As you might have guessed, there has been local opposition from many quarters, through months of community meetings, with occasional protest demonstrations.  Even now it’s not quite a done deal, but it’s getting close.  For some, it all looks like just more shenanigans being played by the usual political and economic interests, which so often can be the rule with big-time sports in America, especially when it comes to new stadiums.  The LA story followed the usual historical script;  this story is radically different.  Maybe this reflects the current time and place, Boston in 2024.  In so many ways it’s an unlikely story, kind of an outlier in the long and checkered history of panem et circenses in America, where the corporate and political patriarchy has long held powerful sway.  Just look at the big networks in your local TV listings or take a run up and down the radio dial on any weekend, where it’s all ballgames (and ballgame analysis and ballgame talk shows and now gambling) all day long, the game being played depending on the season.  

The universe of distractions in this day and age, starting with people’s addiction to their phones and the internet, is a far grander and darker topic of the day than what is covered here.  And maybe you love sports in all its aspects, and it has brought you many great moments in your lifetime.  Distraction has its place when it comes to getting by in a troubling world, and maybe Juvenal had some of this in mind a couple of thousand years ago.  There can also be too much of a good thing, and too many trying to ignore the world around them just leads to more trouble of a more sinister kind.

The original “Greeting” desiged for large community events, that later became the zoo; will White Stadium finally fulfill the promise?

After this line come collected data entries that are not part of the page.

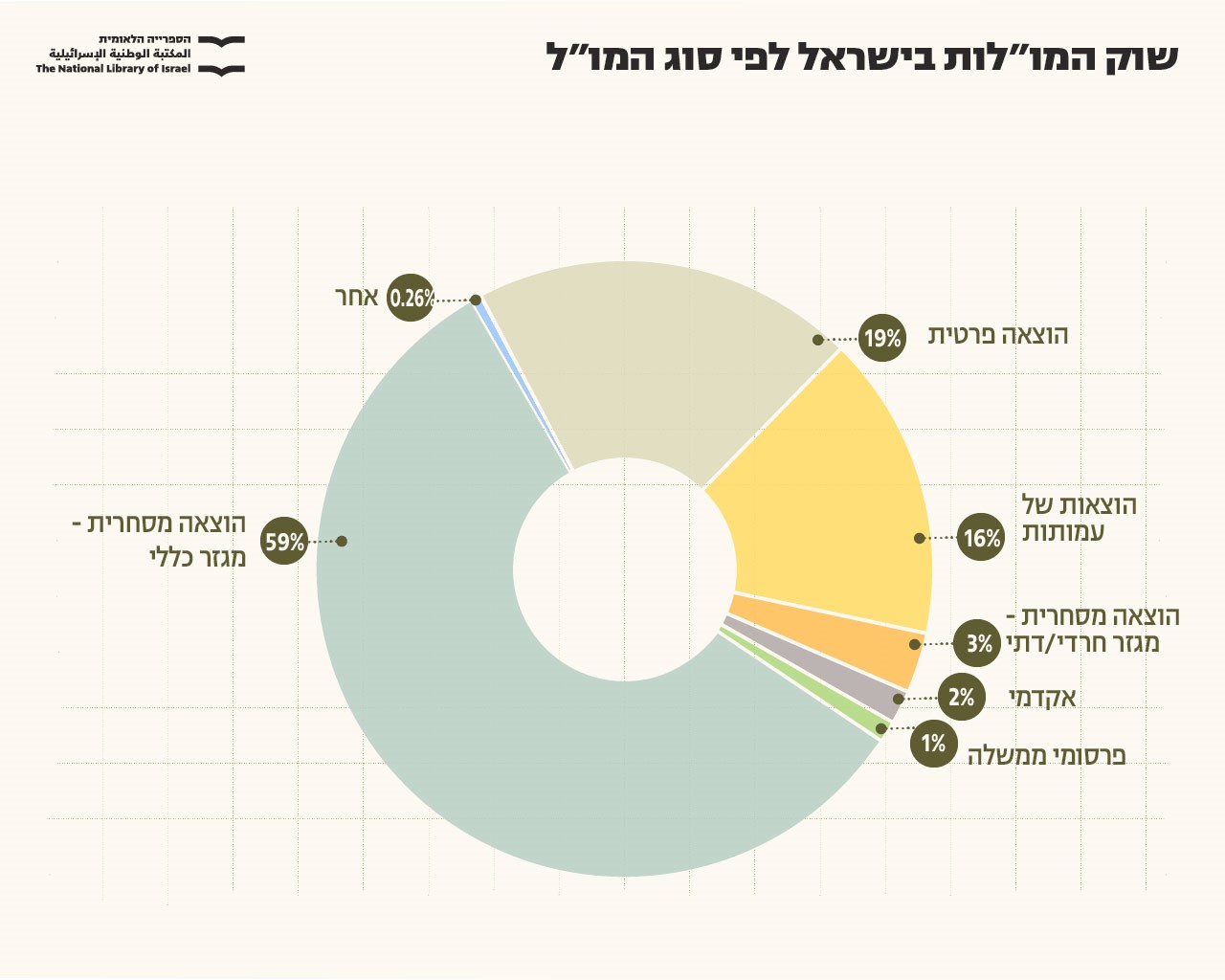 עמותות הוציאו 16% מהספרים; פרסומים ממשלתיים מהווים % 1.3 ופרסומים אקדמיים מהווים 1.7% מכלל ההוצאות לאור והפרסומים.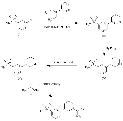 The condensation of 3-(methylsulfonyl)bromobenzene (I) with diethyl(3-pyridyl)borane (II) by means of Pd(PPh3)4, KOH and tetrabutylammonium iodide (TBAI) gives 3-[3-(methylsulfonyl)phenyl]pyridine (III), which is hydrogenated with H2 over PtO2 in methanol, yielding the racemic piperidine (IV). The optical resolution of (IV) with (+)-tartaric acid affords the (S)-enantiomer (V), which is alkylated by reductocondensation with propionic aldehyde and NaBH(O-tBu)3 in dichloroethane and HOAc.
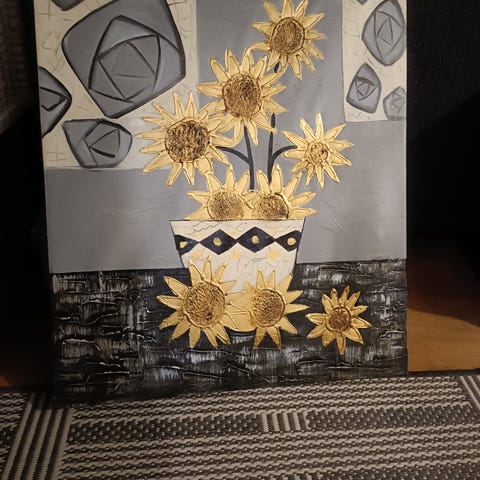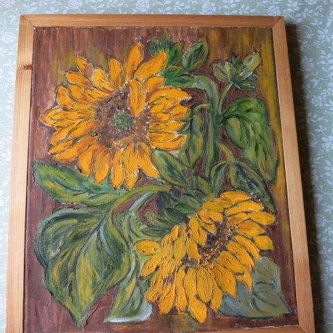 Myydään kuvan mukainen uniikki auringonkukat / keltaiset kukat akryylivärimaalaus -taulu.

The current beantown version certainly resembles the story of LA and the Dodgers.  History is not repeating itself but there’s clearly a rhyme at work, as Mark Twain might describe it. But it’s also very different.  This time it’s about women and soccer, and community process versus money and power, that traditionally has  crushed anything that opposes it.   If you question that, just ask the former occupants of Chavez Ravine.  The local story also happens to be about social and cultural progress, how times have changed in at least a few good ways.  And the new team, BOS Nation Football Club, may yet move in and fall flat on its financial face after a few years.  They’re taking a lot of chances with a very bold and radical plan.  I for one wish them good luck.  I can’t say as much for a few of our neighbors right now, and one can’t blame them for feeling pushed around a bit.  Our streets might become bedlam on game days. But if they knew the story of Dodger Stadium, maybe they’d feel some civic pride over how this is not that and be a bit less resentful, even if they’re not soccer fans.